Marylyn Dintenfass Parallel Park is richly illustrated with more than 175 full color plates, and includes a scholarly essay by Aliza Edelman that provides an innovative and gendered look at the artists primary and biographical sources in postwar automobile culture. A complete series of Dintenfass automotive themed oils and monotypes from the 2011 exhibition at the Robert Rauschenberg Gallery in Fort Myers is featured followed by a detailed account of the projects commissioning by Barbara Anderson Hill, Consultant to the City of Fort Myers Public Art Program. A photographic essay of the installation includes incisive commentary by the architect, the printer and members of the construction team. intenfass offers a comprehensive narrative on her artistic vision of Parallel Parks evocative subject matter and challenging fabrication. Finally, John Driscolls interview with public art expert, Jennifer McGregor, places the project in context and discusses the qualities that distinguish Parallel Park.
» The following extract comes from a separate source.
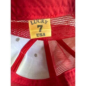 Lucky 7 USA Shark Embroidered Red & Black Trucker Hat Adjustable

Marylyn Dintenfass work is found in public, corporate and private collections in the United States, Denmark, Israel, Italy, and Japan. More than 25 public collections hold her work, including The Metropolitan Museum of Art, Minneapolis Institute of Arts, Cleveland Museum of Art, Detroit Institute of Art, Museum of Fine Arts, Houston, and The Smithsonian American Art Museum.
Dintenfass has twice been a MacDowell Fellow and has received an Individual Artist Grant from the New York Foundation for the Arts and two project grants from the National Endowment for the Arts. She was awarded the silver medal at the First International Exhibition, Mino, Japan, and the Ravenna Prize at the 45th Concorso Internazionale Della Ceramica DArte in Italy. Dintenfass is represented by Babcock Galleries in New York City.
PARALLEL PARK is Dintenfass 27th large-scale installation. Among her other installations are projects for the Port Authority Bus Terminal, New York City, Connecticut State Superior Courthouse and the Baltimore Federal Financial Building, Maryland.